_WHAT NEEDS TO BE DONE_
The goal is to restate all of the records below word for word.

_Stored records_
+--
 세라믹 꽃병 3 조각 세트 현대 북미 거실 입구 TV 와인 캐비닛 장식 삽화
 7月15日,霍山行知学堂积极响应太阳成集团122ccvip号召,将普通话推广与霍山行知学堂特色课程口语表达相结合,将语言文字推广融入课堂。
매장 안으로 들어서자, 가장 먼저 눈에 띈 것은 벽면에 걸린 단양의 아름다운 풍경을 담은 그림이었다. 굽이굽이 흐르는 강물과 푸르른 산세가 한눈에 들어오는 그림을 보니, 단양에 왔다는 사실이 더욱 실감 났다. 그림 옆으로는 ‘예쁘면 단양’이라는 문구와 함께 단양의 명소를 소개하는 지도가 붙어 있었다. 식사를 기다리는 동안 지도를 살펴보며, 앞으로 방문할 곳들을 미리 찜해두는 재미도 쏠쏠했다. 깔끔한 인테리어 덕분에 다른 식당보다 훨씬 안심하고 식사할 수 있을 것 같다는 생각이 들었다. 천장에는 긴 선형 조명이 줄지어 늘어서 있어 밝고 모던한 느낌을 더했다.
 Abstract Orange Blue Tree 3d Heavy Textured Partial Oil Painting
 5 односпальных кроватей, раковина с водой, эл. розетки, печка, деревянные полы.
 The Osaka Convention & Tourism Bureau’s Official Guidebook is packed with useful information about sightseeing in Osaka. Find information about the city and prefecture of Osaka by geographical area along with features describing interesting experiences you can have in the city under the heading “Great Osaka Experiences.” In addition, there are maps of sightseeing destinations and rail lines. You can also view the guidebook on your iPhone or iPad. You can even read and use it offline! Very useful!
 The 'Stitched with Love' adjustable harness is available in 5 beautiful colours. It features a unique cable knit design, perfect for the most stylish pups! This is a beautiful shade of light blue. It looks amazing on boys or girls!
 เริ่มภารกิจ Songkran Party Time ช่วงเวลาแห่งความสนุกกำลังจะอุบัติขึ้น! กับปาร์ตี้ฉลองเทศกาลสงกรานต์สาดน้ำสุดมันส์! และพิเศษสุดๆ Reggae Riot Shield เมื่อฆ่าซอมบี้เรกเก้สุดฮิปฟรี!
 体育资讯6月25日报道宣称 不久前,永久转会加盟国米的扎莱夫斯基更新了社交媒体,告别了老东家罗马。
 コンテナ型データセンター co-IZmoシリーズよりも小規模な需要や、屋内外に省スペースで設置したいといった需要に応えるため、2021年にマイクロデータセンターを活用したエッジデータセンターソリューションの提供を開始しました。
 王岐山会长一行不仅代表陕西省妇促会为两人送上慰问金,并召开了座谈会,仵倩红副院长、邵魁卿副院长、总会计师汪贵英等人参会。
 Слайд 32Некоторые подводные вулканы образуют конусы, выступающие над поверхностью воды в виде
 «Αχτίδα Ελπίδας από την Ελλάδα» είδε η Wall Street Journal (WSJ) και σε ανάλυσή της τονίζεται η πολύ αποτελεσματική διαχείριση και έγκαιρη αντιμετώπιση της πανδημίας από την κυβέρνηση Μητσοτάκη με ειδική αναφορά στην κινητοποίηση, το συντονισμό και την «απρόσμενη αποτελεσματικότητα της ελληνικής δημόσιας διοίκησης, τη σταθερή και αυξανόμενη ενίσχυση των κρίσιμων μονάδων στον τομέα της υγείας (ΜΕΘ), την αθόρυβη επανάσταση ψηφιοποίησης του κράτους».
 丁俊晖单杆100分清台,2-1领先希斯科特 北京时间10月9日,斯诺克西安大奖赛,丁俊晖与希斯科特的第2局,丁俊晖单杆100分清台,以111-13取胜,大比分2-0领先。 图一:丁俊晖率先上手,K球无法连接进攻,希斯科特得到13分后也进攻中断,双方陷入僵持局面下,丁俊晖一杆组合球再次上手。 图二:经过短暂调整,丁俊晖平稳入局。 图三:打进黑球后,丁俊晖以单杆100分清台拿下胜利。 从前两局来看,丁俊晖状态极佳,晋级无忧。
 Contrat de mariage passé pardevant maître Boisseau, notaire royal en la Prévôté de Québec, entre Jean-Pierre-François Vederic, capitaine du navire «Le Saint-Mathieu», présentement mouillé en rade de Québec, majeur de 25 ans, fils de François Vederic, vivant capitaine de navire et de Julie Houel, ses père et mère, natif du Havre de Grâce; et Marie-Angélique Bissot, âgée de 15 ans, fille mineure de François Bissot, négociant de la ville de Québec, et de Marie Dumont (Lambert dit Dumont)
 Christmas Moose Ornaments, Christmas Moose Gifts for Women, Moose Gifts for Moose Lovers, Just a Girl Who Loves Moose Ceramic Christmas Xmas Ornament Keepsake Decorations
+--
_RESPONSE AREA_
 세라믹 꽃병 3 조각 세트 현대 북미 거실 입구 TV 와인 캐비닛 장식 삽화
 7月15日,霍山行知学堂积极响应太阳成集团122ccvip号召,将普通话推广与霍山行知学堂特色课程口语表达相结合,将语言文字推广融入课堂。
매장 안으로 들어서자, 가장 먼저 눈에 띈 것은 벽면에 걸린 단양의 아름다운 풍경을 담은 그림이었다. 굽이굽이 흐르는 강물과 푸르른 산세가 한눈에 들어오는 그림을 보니, 단양에 왔다는 사실이 더욱 실감 났다. 그림 옆으로는 ‘예쁘면 단양’이라는 문구와 함께 단양의 명소를 소개하는 지도가 붙어 있었다. 식사를 기다리는 동안 지도를 살펴보며, 앞으로 방문할 곳들을 미리 찜해두는 재미도 쏠쏠했다. 깔끔한 인테리어 덕분에 다른 식당보다 훨씬 안심하고 식사할 수 있을 것 같다는 생각이 들었다. 천장에는 긴 선형 조명이 줄지어 늘어서 있어 밝고 모던한 느낌을 더했다.
 Abstract Orange Blue Tree 3d Heavy Textured Partial Oil Painting
 5 односпальных кроватей, раковина с водой, эл. розетки, печка, деревянные полы.
 The Osaka Convention & Tourism Bureau’s Official Guidebook is packed with useful information about sightseeing in Osaka. Find information about the city and prefecture of Osaka by geographical area along with features describing interesting experiences you can have in the city under the heading “Great Osaka Experiences.” In addition, there are maps of sightseeing destinations and rail lines. You can also view the guidebook on your iPhone or iPad. You can even read and use it offline! Very useful!
 The 'Stitched with Love' adjustable harness is available in 5 beautiful colours. It features a unique cable knit design, perfect for the most stylish pups! This is a beautiful shade of light blue. It looks amazing on boys or girls!
 เริ่มภารกิจ Songkran Party Time ช่วงเวลาแห่งความสนุกกำลังจะอุบัติขึ้น! กับปาร์ตี้ฉลองเทศกาลสงกรานต์สาดน้ำสุดมันส์! และพิเศษสุดๆ Reggae Riot Shield เมื่อฆ่าซอมบี้เรกเก้สุดฮิปฟรี!
 体育资讯6月25日报道宣称 不久前,永久转会加盟国米的扎莱夫斯基更新了社交媒体,告别了老东家罗马。
 コンテナ型データセンター co-IZmoシリーズよりも小規模な需要や、屋内外に省スペースで設置したいといった需要に応えるため、2021年にマイクロデータセンターを活用したエッジデータセンターソリューションの提供を開始しました。
 王岐山会长一行不仅代表陕西省妇促会为两人送上慰问金,并召开了座谈会,仵倩红副院长、邵魁卿副院长、总会计师汪贵英等人参会。
 Слайд 32Некоторые подводные вулканы образуют конусы, выступающие над поверхностью воды в виде
 «Αχτίδα Ελπίδας από την Ελλάδα» είδε η Wall Street Journal (WSJ) και σε ανάλυσή της τονίζεται η πολύ αποτελεσματική διαχείριση και έγκαιρη αντιμετώπιση της πανδημίας από την κυβέρνηση Μητσοτάκη με ειδική αναφορά στην κινητοποίηση, το συντονισμό και την «απρόσμενη αποτελεσματικότητα της ελληνικής δημόσιας διοίκησης, τη σταθερή και αυξανόμενη ενίσχυση των κρίσιμων μονάδων στον τομέα της υγείας (ΜΕΘ), την αθόρυβη επανάσταση ψηφιοποίησης του κράτους».
 丁俊晖单杆100分清台,2-1领先希斯科特 北京时间10月9日,斯诺克西安大奖赛,丁俊晖与希斯科特的第2局,丁俊晖单杆100分清台,以111-13取胜,大比分2-0领先。 图一:丁俊晖率先上手,K球无法连接进攻,希斯科特得到13分后也进攻中断,双方陷入僵持局面下,丁俊晖一杆组合球再次上手。 图二:经过短暂调整,丁俊晖平稳入局。 图三:打进黑球后,丁俊晖以单杆100分清台拿下胜利。 从前两局来看,丁俊晖状态极佳,晋级无忧。
 Contrat de mariage passé pardevant maître Boisseau, notaire royal en la Prévôté de Québec, entre Jean-Pierre-François Vederic, capitaine du navire «Le Saint-Mathieu», présentement mouillé en rade de Québec, majeur de 25 ans, fils de François Vederic, vivant capitaine de navire et de Julie Houel, ses père et mère, natif du Havre de Grâce; et Marie-Angélique Bissot, âgée de 15 ans, fille mineure de François Bissot, négociant de la ville de Québec, et de Marie Dumont (Lambert dit Dumont)
 Christmas Moose Ornaments, Christmas Moose Gifts for Women, Moose Gifts for Moose Lovers, Just a Girl Who Loves Moose Ceramic Christmas Xmas Ornament Keepsake Decorations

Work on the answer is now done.